In genetic engineering, recombination can also refer to artificial and deliberate recombination of disparate pieces of DNA, often from different organisms, creating what is called recombinant DNA. A prime example of such a use of genetic recombination is gene targeting, which can be used to add, delete or otherwise change an organism's genes. This technique is important to biomedical researchers as it allows them to study the effects of specific genes. Techniques based on genetic recombination are also applied in protein engineering to develop new proteins of biological interest.

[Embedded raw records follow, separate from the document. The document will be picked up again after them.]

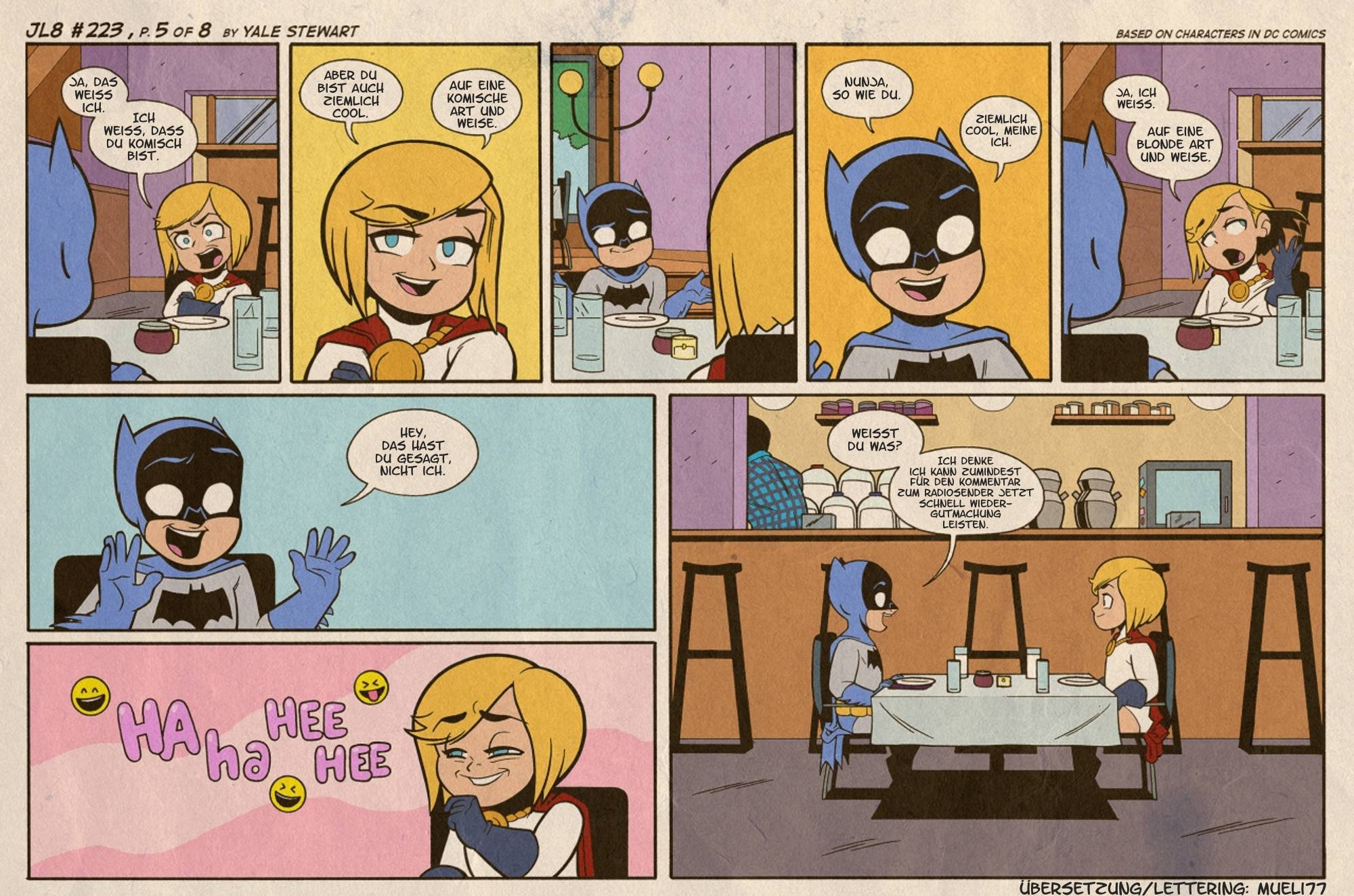 Okt 13 2016 JL8 Episode #223 (5) Bruce ist auf dem richtigen Weg … Viel Spaß damit! (für eine größere Ansicht auf das Bild klicken) Characters © DC Comics, Creative Content © Yale Stewart. (Fortsetzung folgt…) JL8 im Web: Tumblr, Facebook, Twitter © 2016 Copyright der Übersetzung by „Mueli77’s Feine Welt“. Jegliche Weiterverwendung ohne ausdrückliche Genehmigung untersagt. Bewerten:Teilen: Auf WhatsApp teilen (Wird in neuem Fenster geöffnet) WhatsApp Tweet Einen Link per E-Mail an einen Freund senden (Wird in neuem Fenster geöffnet) E-Mail Drucken (Wird in neuem Fenster geöffnet) Drucken Auf Tumblr teilen Auf Reddit teilen (Wird in neuem Fenster geöffnet) Reddit Auf Telegram teilen (Wird in neuem Fenster geöffnet) Telegram Pocket Auf Mastodon teilen (Wird in neuem Fenster geöffnet) Mastodon Auf Nextdoor teilen (Wird in neuem Fenster geöffnet) Nextdoor Gefällt mir Wird geladen … Ähnliche Beiträge
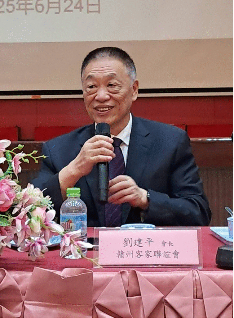劉建平會長在致詞中表示:此次是為感謝赴贛州參加第32屆世客會而進行的回訪。他指出,贛州素有“客家搖籃”之稱,客家先民第一站到了贛州,形成"寧賣祖宗田、不忘客家言"客家文化!客家人世代堅持講客家話、堅持傳承優秀的中華客家文化。贛州轄區面積3.94萬平方公里,人口千萬,絕大多數為講客家話的客家人。當地客家飲食文化豐富,著名客家美食有梅菜扣肉、釀豆腐等。而龍南圍屋作為家、祠、堡三种功能融为一体傳統建築,具有高度歷史與文化價值,目前當地保存的客家圍屋多達376座,占贛南總數七成以上。
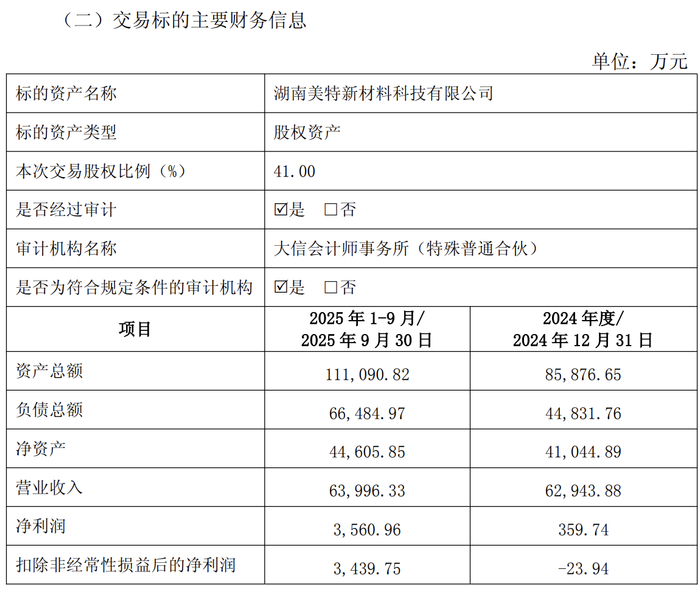 来源:公司官网雪天盐业(600929.SH)日前公告,拟向控股股东2.6亿收购湖南美特新材料科技有限公司(下称“美特新材”)41%股权。收购完成后,雪天盐业将成为美特新材的控股股东,合计持股61%。

Genetic recombination is catalyzed by many different enzymes, called recombinases. RecA, the chief recombinase found in Escherichia coli, is responsible for the repair of DNA double strand breaks (DSBs). In yeast and other eukaryotic organisms there are two recombinases required for repairing DSBs. The RAD51 protein is required for mitotic and meiotic recombination and the DMC1 protein is specific to meiotic recombination.

Genetic code

The genetic code is the set of rules by which a gene is translated into a functional protein. Each gene consists of a specific sequence of nucleotides encoded in a DNA (or sometimes RNA) strand; a correspondence between nucleotides, the basic building blocks of genetic material, and amino acids, the basic building blocks of proteins, must be established for genes to be successfully translated into functional proteins. Sets of three nucleotides, known as codons, each correspond to a specific amino acid or to a signal; three codons are known as "stop codons" and, instead of specifying a new amino acid, alert the translation machinery that the end of the gene has been reached. There are 64 possible codons (four possible nucleotides at each of three positions, hence 43 possible codons) and only 20 standard amino acids; hence the code is redundant and multiple codons can specify the same amino acid. The correspondence between codons and amino acids is nearly universal among all known living organisms.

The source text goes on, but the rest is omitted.